Vapear vs. Fumar: O Que Diz a Investigação

Vapear vs. Fumar: O Que Diz a Investigação

Os cigarros eletrónicos e o vaping tornaram-se cada vez mais comuns, e muitos fumadores consideram mudar para o vaping como forma de parar. A ciência sobre o vaping está em evolução, mas há pontos claros de consenso entre as autoridades de saúde: o vaping é menos prejudicial do que fumar, mas não é isento de riscos, e não é aprovado como método de cessação por todos os reguladores.

Vapear é Menos Prejudicial do Que Fumar?

A resposta curta: sim, os cigarros eletrónicos são substancialmente menos nocivos do que os cigarros de tabaco, mas não são inofensivos.
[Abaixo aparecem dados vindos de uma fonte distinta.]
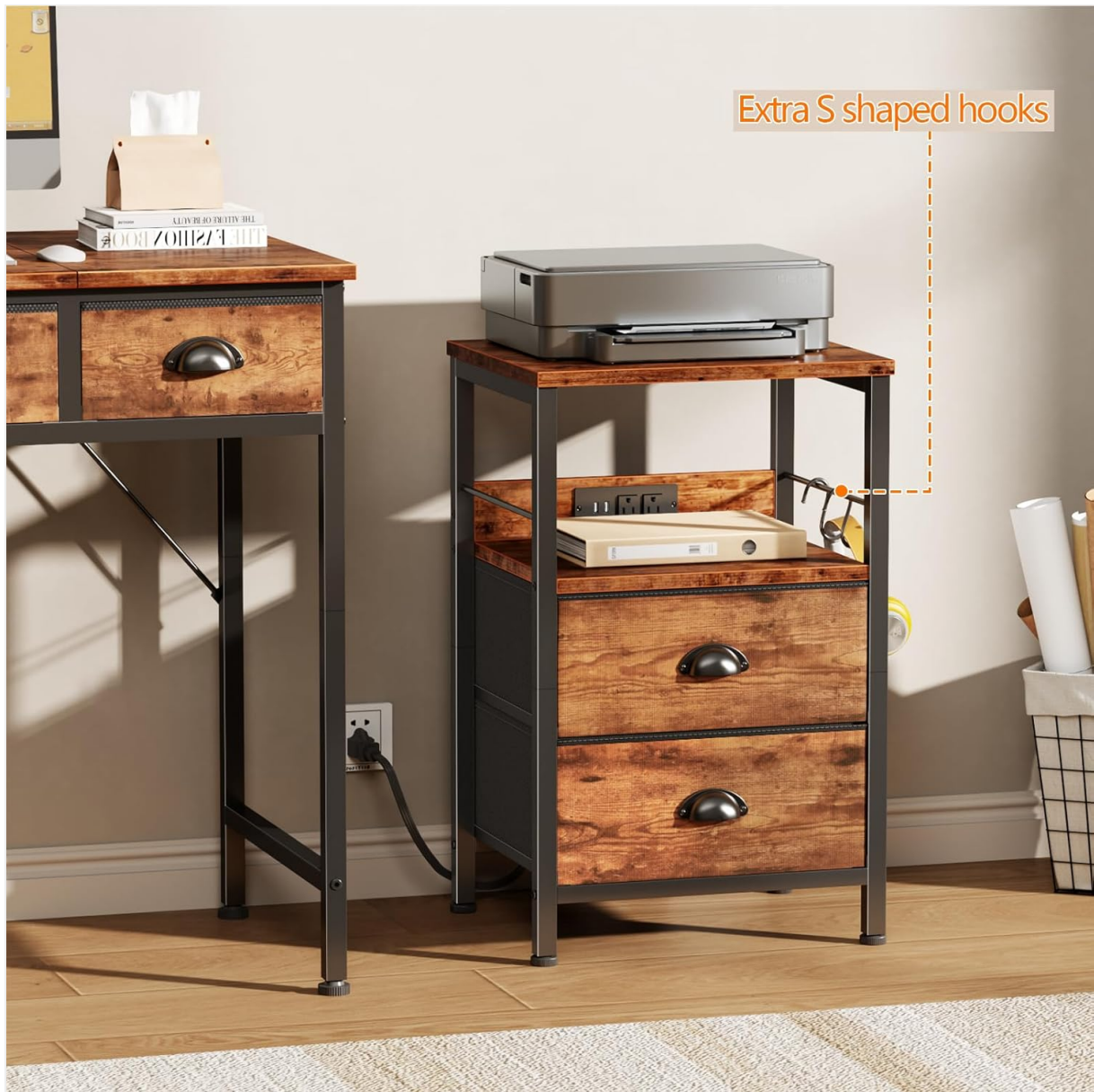
Figure 5: End table showcasing the S-shaped hooks and top shelf usage.

This image illustrates the versatility of the end table, showing a printer on the top surface and the S-shaped hooks in use for hanging items.

O fumo do cigarro é nocivo sobretudo devido às milhares de substâncias químicas tóxicas e cancerígenas produzidas pela queima do tabaco. Os cigarros eletrónicos aquecem um líquido (que contém nicotina, propilenoglicol, glicerina vegetal e aromatizantes) para produzir um vapor, um processo que não envolve combustão e não produz o mesmo conjunto de substâncias químicas tóxicas.

A investigação estima que os cigarros eletrónicos são "cerca de 95% menos nocivos do que os cigarros", um valor derivado de uma revisão de 2015 da Public Health England. No entanto, este valor é uma estimativa, não uma medição precisa, e reflete o nosso melhor entendimento atual, e não uma avaliação definitiva a longo prazo.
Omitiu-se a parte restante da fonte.